Letter to John Blackwood, 9th April, 1879.
I enclose the proof of title-page and motto. Whether the motto (which is singularly apt and good) should be on the title-page or fly-leaf I leave you to judge. Certainly, everybody who does not read Latin will be offended by its claiming notice, and will consider that only the deepest-dyed pedantry could have found the motive for it. But I will not leave it out altogether.
I have had such various letters from time to time, asking me to reprint or write essays, that, perhaps, some of the public will not be disappointed that the volume is not a story. But that must be as it may; and if you think the acceptance dubious, it is much the better plan not to stereotype.
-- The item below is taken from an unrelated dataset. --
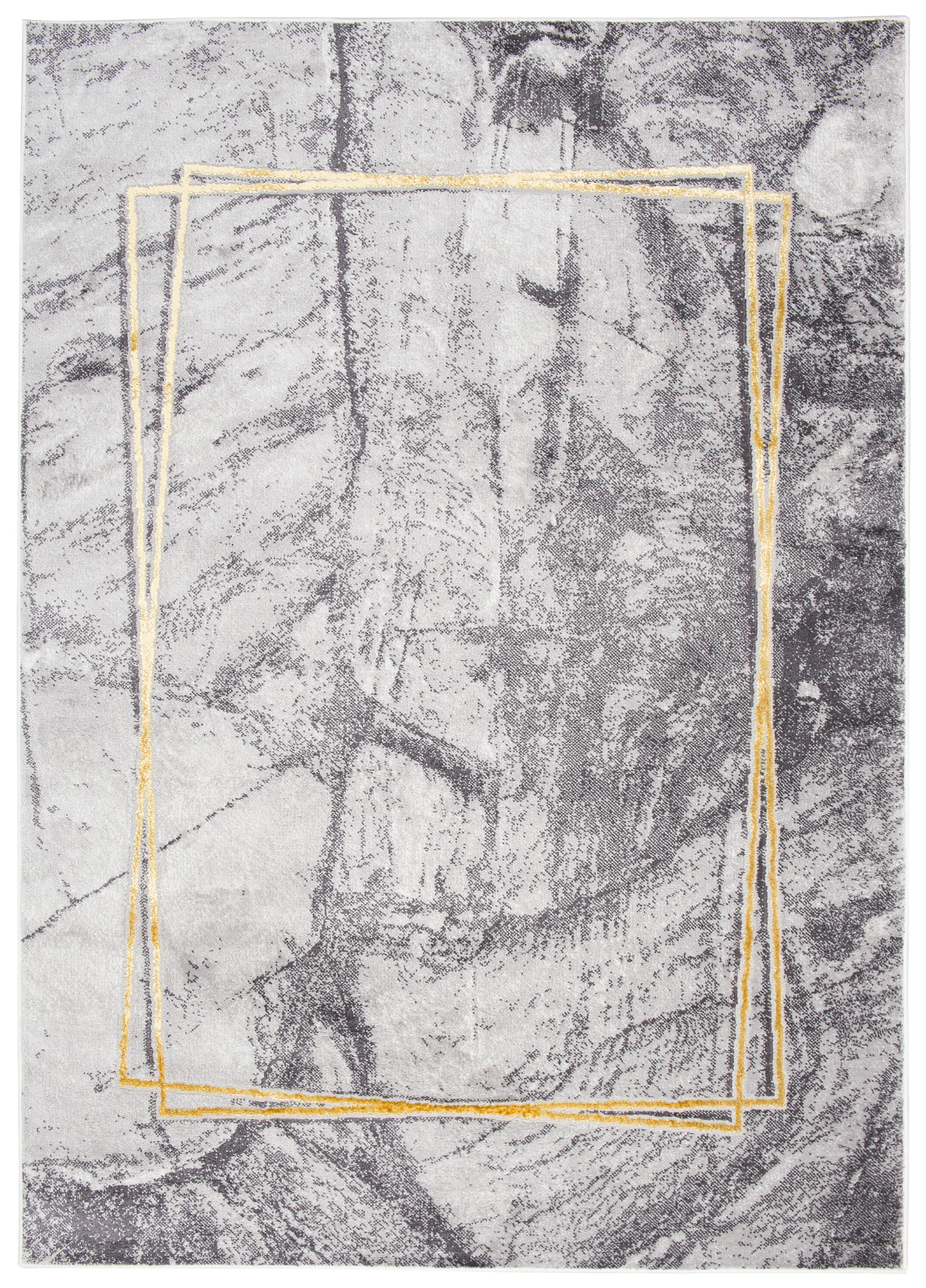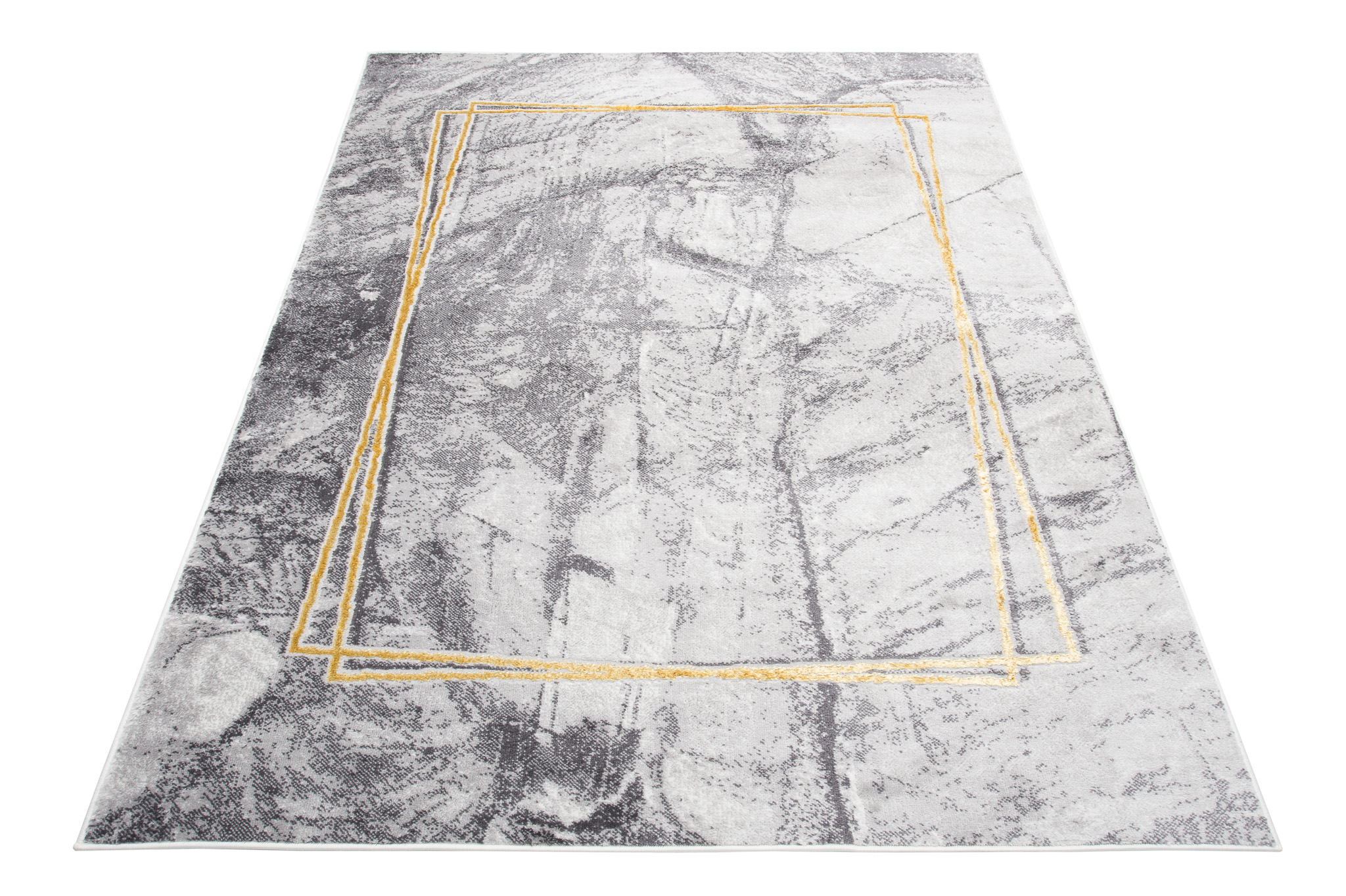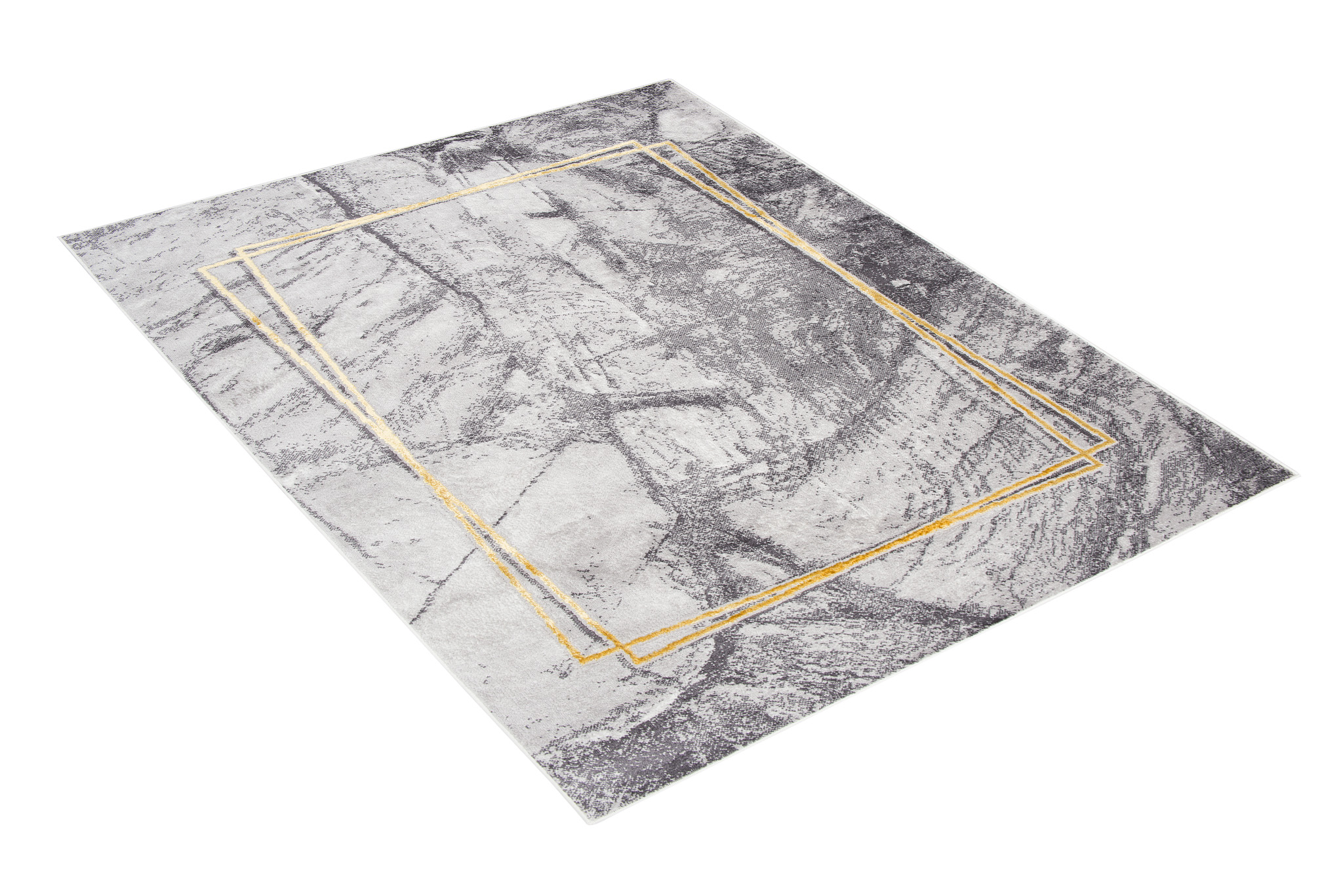 Dywan ShineSzary Złoty Nowoczesny Ramka Efekt 3D

What energy there is in Mr. Kinglake in spite of the somewhat shattered health that his Wesen gives one the impression of! Among incidents of war that one can dwell on with anything like gladness, that account of the rescue of the colors at Isandlana is memorable, is it not?
I go out every day, drive beyond the ranks of hideous houses in the Kilburn outskirts, and get to lanes where I can walk, in perfect privacy, among the fields and budding hedgerows.
I hope Mr. Julian Sturgis will take care of his writing and do something lasting. He seems to me to have a strain above the common in him; and he is not writing for his bread, or even his butter. I don't know why I say this just now, except that I had it in my mind to say long ago, and it has just come upper-most as I was thinking of the Magazine.
Letter to Professor Kaufmann, 17th April, 1879.
Your kind letter has touched me very deeply. I confess that my mind had, more than once, gone out to you as one from whom I should like to have some sign of sympathy with my loss. But you were rightly inspired in waiting till now, for during many weeks I was unable even to listen to the letters which my generous friends were continually sending me. Now, at last, I am eagerly interested in every communication that springs out of an acquaintance with my husband and his works.
I thank you for telling me about the Hungarian translation of his "History of Philosophy;" but what would I not have given if the volumes could have come, even only a few days, before his death! For his mind was perfectly clear, and he would have felt some joy in that sign of his work being effective.
I do not know whether you will enter into the comfort I feel that he never knew he was dying, and fell gently asleep after ten days of illness, in which the suffering was comparatively mild.